Sunday, 9 December 2007


RURAL Bangladesh has not changed much in the past decades. Schools and colleges have come up in substantial numbers, but many of those still lack teachers and other physical facilities. Thana headquarters have a few telephone lines but getting dial tones still remains a challenge. Power supply is highly erratic and the large part of the rural population is still living in the era of kerosene lamp. Healthcare facilities are inadequate with doctors employed by the government to serve the villagers remaining absent from their workplaces most of the time. Villages are dependent on agriculture for their sustenance. But floods, cyclones and droughts are recurrent events that cause enormous sufferings to the farming community. So, the majority of the villagers are still poor though there could be some variations in percentage estimates. The per capita income of a sizeable number of the rural population is well below the national average. In fact there exist two Bangladesh. The urban Bangladesh is looking ahead with promises of a better future and the rural one is still stuck in the past except for a few cosmetic changes. But how can a process of reversal be started?

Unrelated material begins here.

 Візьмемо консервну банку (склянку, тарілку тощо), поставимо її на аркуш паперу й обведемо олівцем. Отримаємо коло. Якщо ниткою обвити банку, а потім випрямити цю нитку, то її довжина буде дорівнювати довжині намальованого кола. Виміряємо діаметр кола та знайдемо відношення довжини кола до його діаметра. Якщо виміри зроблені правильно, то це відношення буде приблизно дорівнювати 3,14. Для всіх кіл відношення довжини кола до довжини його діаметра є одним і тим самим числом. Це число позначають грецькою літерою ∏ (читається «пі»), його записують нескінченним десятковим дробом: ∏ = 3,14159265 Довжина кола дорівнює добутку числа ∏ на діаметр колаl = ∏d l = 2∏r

Priority-wise, rural people need food, safe drinking water, education, electricity etc. But technology has the potential to transform their life and expose them to new worlds. So far, the governments have tried a lot of programmes, in most cases, in line with the wishes of the multilateral donor agencies, to help the rural people generate more income and, thus, improve their living conditions. The end results have not been that impressive. Lately, poverty alleviation are the two most frequently used words by the donors, policy makers and development planners both at national and international levels. Information technology that has brought about a sea-change in the life and living conditions across the globe if made available at the doorsteps of the rural population is unlikely to make a noticeable change overnight. But it would surely help trigger gradual transformation of rural Bangladesh.
A private information technology firm - Bangladesh Telecentre Network, BTN, which is devoted to the task of reaching the fruits to ICT to villages, has launched Mission 2011 to set up 40,000 telecentres or information kiosks all over Bangladesh by 2011. The theme of the mission is building a sustainable ICT-based information and knowledge system for the poor and marginalised people. A telecentre or an information kiosk is a public place where people have access to computers, internets and other technologies. Such centres, in addition to helping overcome isolation, could ensure a lot of economic benefit to the rural population. By availing the internet services, farmers would be able to know the commodity prices in distant urban markets and the youths would get employment information.
The government also would be able to circulate necessary information to the people at grassroots easily. Neighbouring India which now earns more than US dollar 50 billion a year from IT exports has engaged itself in reaching the benefit of the technology to rural areas. Thousands of information kiosks have been set up in villages. Chief Adviser Dr. Fakhruddin Ahmed while inaugurating the 'Mission 2011' of the BTN late last week expressed the hope that the mission would achieve similar objectives. The cell phone has brought about a revolutionary change in our life, rural or urban. The availability of internet services at the door steps of the rural people through telecentres or kiosks would take that revolution one step forward. The BTN or any other organisation engaged in the task of widening the use of ICT should try to penetrate deep into rural Bangladesh and must not concentrate in urban or semi-urban spots for the sake of higher profit earning.